→ **Brief**: Below are the records; give again exactly the line with "どよんいさんの男性向けラノベタイトル風あだ名をツクッター!", the line with "我院园林专业覃晓敏同学在王微", and each line that lies between them, and nothing besides.

(Information supplied begins)

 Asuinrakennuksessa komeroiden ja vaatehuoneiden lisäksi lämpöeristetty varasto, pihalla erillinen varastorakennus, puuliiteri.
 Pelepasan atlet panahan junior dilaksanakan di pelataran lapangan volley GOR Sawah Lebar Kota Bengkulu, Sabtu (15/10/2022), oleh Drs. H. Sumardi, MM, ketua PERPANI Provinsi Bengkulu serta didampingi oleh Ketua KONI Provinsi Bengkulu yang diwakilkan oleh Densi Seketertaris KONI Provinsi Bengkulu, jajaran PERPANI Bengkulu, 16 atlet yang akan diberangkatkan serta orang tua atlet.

(Information supplied ends)
(Information supplied begins)

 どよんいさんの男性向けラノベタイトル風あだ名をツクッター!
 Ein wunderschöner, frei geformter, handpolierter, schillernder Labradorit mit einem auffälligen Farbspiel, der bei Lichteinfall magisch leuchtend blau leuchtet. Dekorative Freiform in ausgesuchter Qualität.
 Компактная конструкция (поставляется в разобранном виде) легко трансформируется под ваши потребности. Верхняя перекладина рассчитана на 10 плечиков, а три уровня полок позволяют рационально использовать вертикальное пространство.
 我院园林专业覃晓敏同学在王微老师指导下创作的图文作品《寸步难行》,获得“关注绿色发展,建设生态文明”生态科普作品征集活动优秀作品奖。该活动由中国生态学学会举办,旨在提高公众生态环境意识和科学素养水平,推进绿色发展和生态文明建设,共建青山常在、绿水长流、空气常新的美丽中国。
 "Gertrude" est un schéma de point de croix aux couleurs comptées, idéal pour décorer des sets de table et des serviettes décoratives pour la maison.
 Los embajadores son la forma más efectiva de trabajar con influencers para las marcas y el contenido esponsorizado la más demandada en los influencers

(Information supplied ends)

→ **Solution to the exercise**:
 どよんいさんの男性向けラノベタイトル風あだ名をツクッター!
 Ein wunderschöner, frei geformter, handpolierter, schillernder Labradorit mit einem auffälligen Farbspiel, der bei Lichteinfall magisch leuchtend blau leuchtet. Dekorative Freiform in ausgesuchter Qualität.
 Компактная конструкция (поставляется в разобранном виде) легко трансформируется под ваши потребности. Верхняя перекладина рассчитана на 10 плечиков, а три уровня полок позволяют рационально использовать вертикальное пространство.
 我院园林专业覃晓敏同学在王微老师指导下创作的图文作品《寸步难行》,获得“关注绿色发展,建设生态文明”生态科普作品征集活动优秀作品奖。该活动由中国生态学学会举办,旨在提高公众生态环境意识和科学素养水平,推进绿色发展和生态文明建设,共建青山常在、绿水长流、空气常新的美丽中国。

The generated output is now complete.